Section 9.05Right of Set‑off

.  Upon (a) the occurrence and during the continuance of any Event of Default and (b) the making of the request or the granting of the consent specified by Section 6.01 to authorize the Administrative Agent to declare the Notes due and payable pursuant to the provisions of Section 6.01, the Administrative Agent and each Lender Party and each of their respective Affiliates is hereby authorized at any time and from time to time, to the fullest extent permitted by law, to set off and otherwise apply any and all deposits (general or special, time or demand, provisional or final) at any time held and other indebtedness at any time owing by the Administrative Agent, such Lender Party or such Affiliate to or for the credit or the account of the Borrower or any other Loan Party against any and all of the Obligations of the Borrower or such Loan Party now or hereafter existing under the Loan Documents, irrespective of whether the Administrative Agent or such Lender Party shall have made any demand under this Agreement or such Note or Notes and although such obligations may be unmatured.  The Administrative Agent and each Lender Party agrees promptly to notify the Borrower or such Loan Party after any such set‑off and application; provided, however, that the failure to give such notice shall not affect the validity of such set‑off and application.  The rights of the Administrative Agent and each Lender Party and their respective Affiliates under this Section 9.05 are in addition to other rights and remedies (including, without limitation, other rights of set‑off) that the Administrative Agent, such Lender Party and their respective Affiliates may have; provided, however, that in the event that any Defaulting Lender exercises such right of setoff, (x) all amounts so set off will be paid over immediately to the Administrative Agent for further application in accordance with the provisions of Section 2.18(b) and, pending such payment, will be segregated by such Defaulting Lender from its other funds and deemed held in trust for the benefit of the Administrative Agent, the Issuing Banks and the Lenders and (y) the Defaulting Lender will provide promptly to the Administrative Agent a statement describing in reasonable detail the Obligations owing to such Defaulting Lender as to which it exercised such right of setoff.
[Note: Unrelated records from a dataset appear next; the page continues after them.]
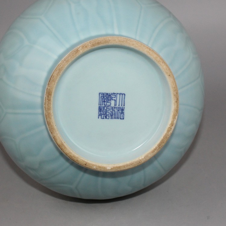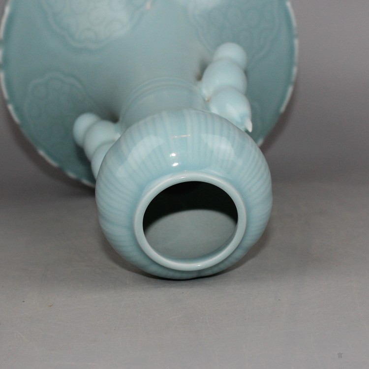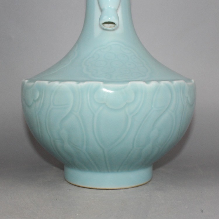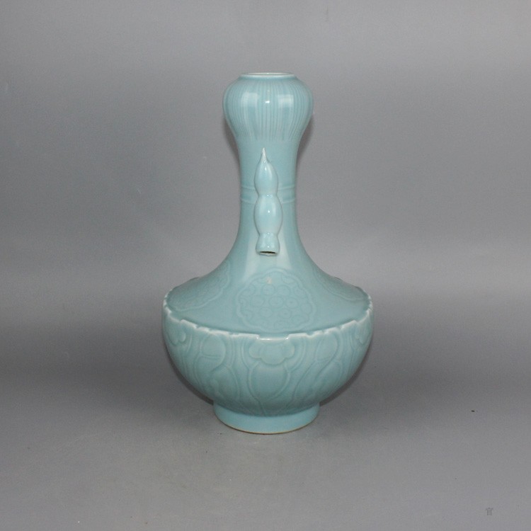 Qing sky green glaze double lotus root garlic bottle knife engraved blue and white six-character antique collection home decoration
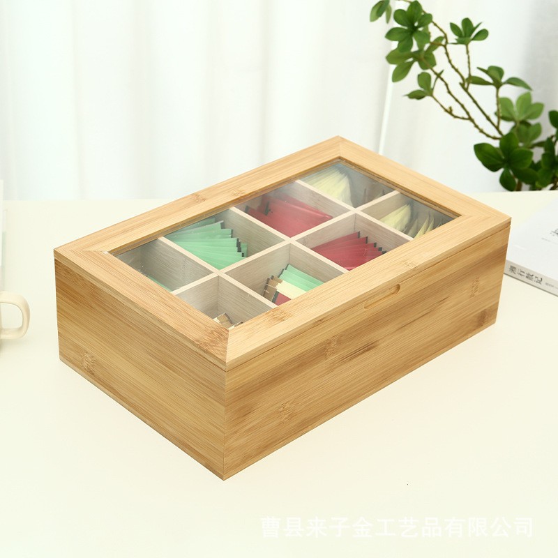茶葉分格包装木箱家庭用透明ガラス茶包収納箱茶葉木造包装箱木造礼箱
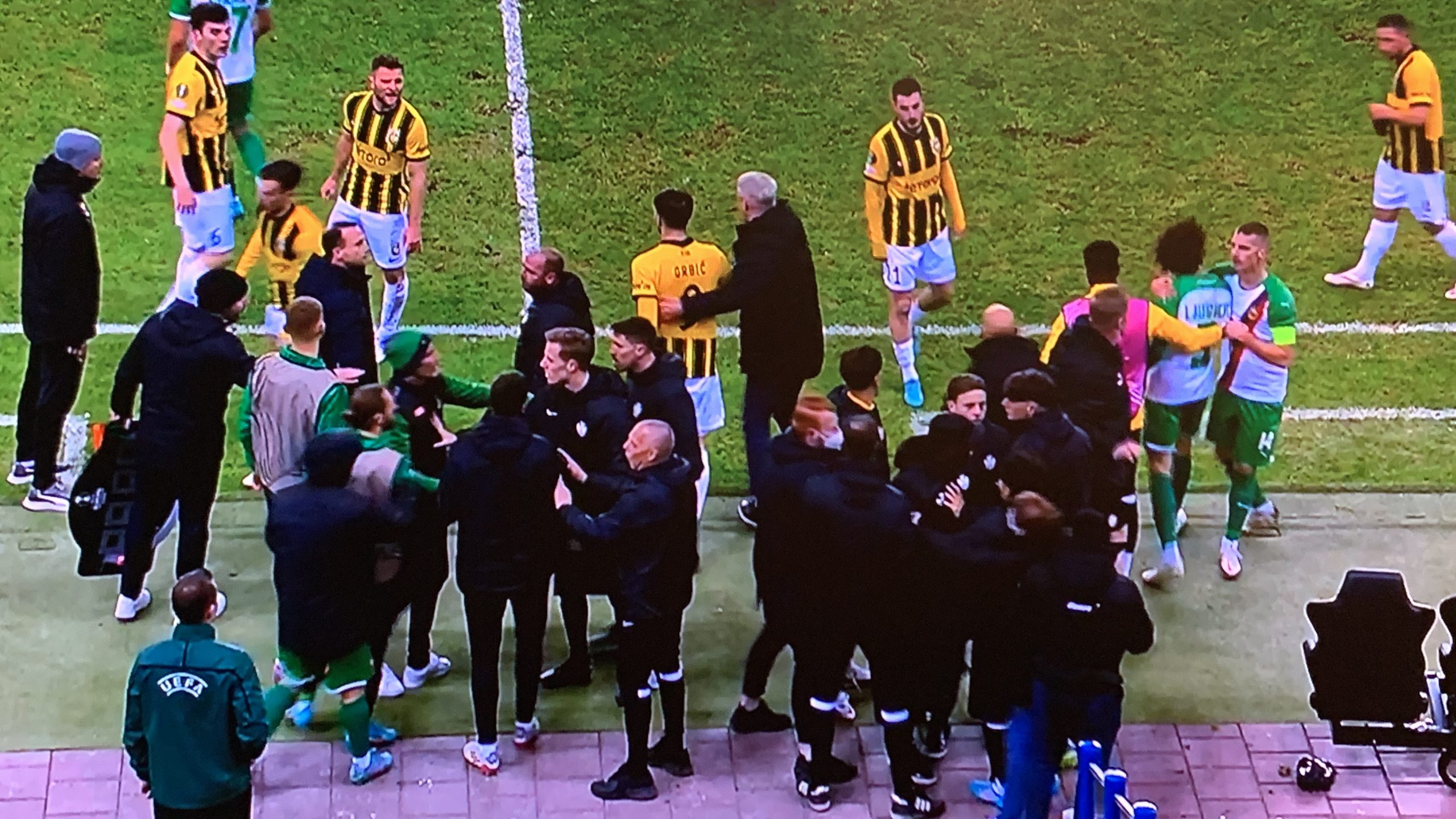 Al 78′ della gara di ritorno di Conference League, c’è stato uno scontro in mezzo al campo tra Auer e Orotz in mezzo al campo, con quest’ultimo che è stato ammonito. Dopo di che Dasa e Gruell sono venuti a contatto ed è scoppiata una rissa all’altezza del centrocampo a cui hanno preso parte anche i componenti delle due panchine. La questione si è risolta dopo pochi minuti con Dasa e Gruell che sono stati ammoniti.
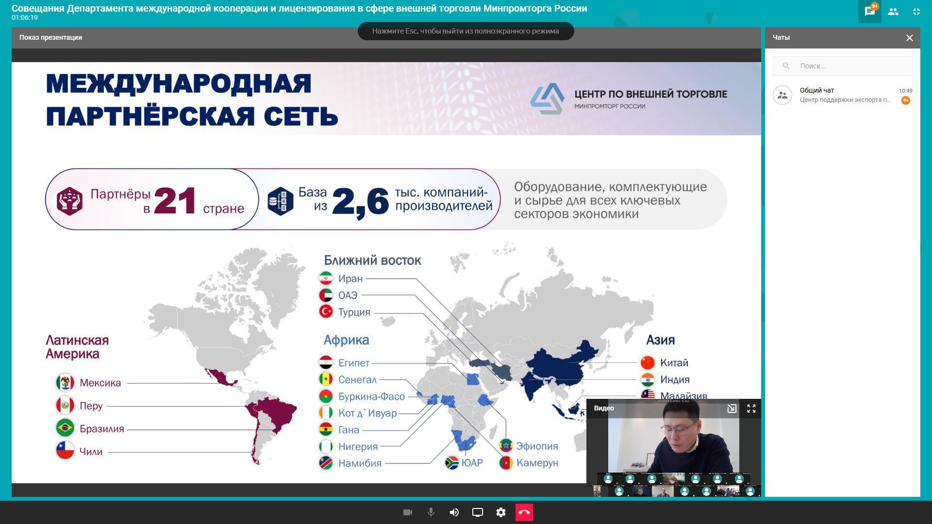 Минпромторг России провел совещание с ответственными по развитию экспорта в регионах России в рамках национального проекта «Международная кооперация и экспорт».
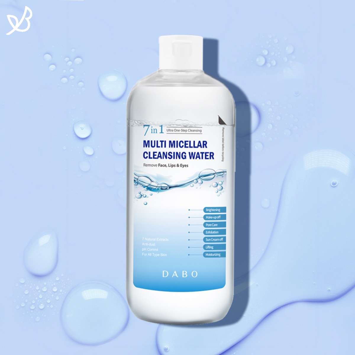 Многофункциональная мицеллярная вода 7 In 1 Multi Micellar Cleansing Water от корейского бренда Dabo — это универсальное средство «все в одном», разработанное для максимально бережного, но глубокого очищения кожи. Благодаря сбалансированному составу, она не только удаляет макияж, но и заменяет сразу несколько этапов ухода, экономя ваше время и сохраняя здоровье эпидермиса.
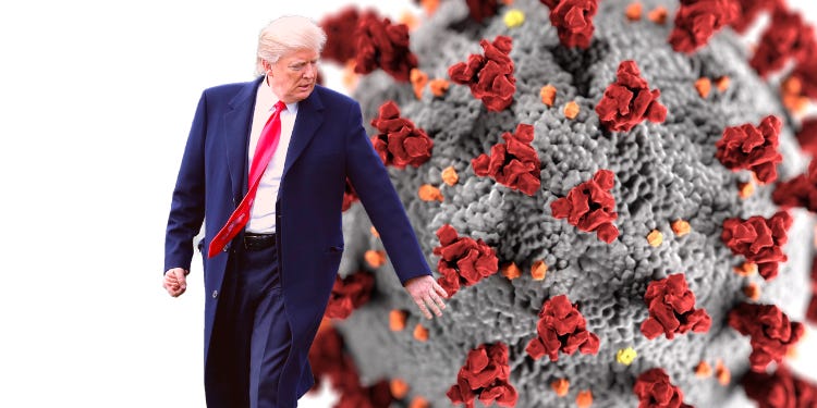 But even after numerous attendees at a breathtakingly reckless White House event (including the First Lady and people with obvious risk factors) tested positive for the virus, and even after our president suffered serious health concerns (high fever and enough difficulty breathing to require oxygen), before being flown away on a helicopter to Walter Reed (to be treated with antivirals, anti-inflammatories, an experimental antibody cocktail, steroids, and several other drugs), we’re back to the same asininity as before.

Section 9.06Binding Effect

.  This Agreement shall become effective when it shall have been executed by the Borrower, each Guarantor named on the signature pages hereto and the Administrative Agent shall have been notified by each Initial Lender and each Initial Issuing Bank that such Initial Lender or such Initial Issuing Bank, as the case may be, has executed it and thereafter shall be binding upon and inure to the benefit of the Borrower, the Guarantors named on the signature pages hereto and the Administrative Agent and each Lender Party and their respective successors and assigns, except that neither the Borrower nor any other Loan Party shall have the right to assign its rights hereunder or any interest herein without the prior written consent of the Lender Parties.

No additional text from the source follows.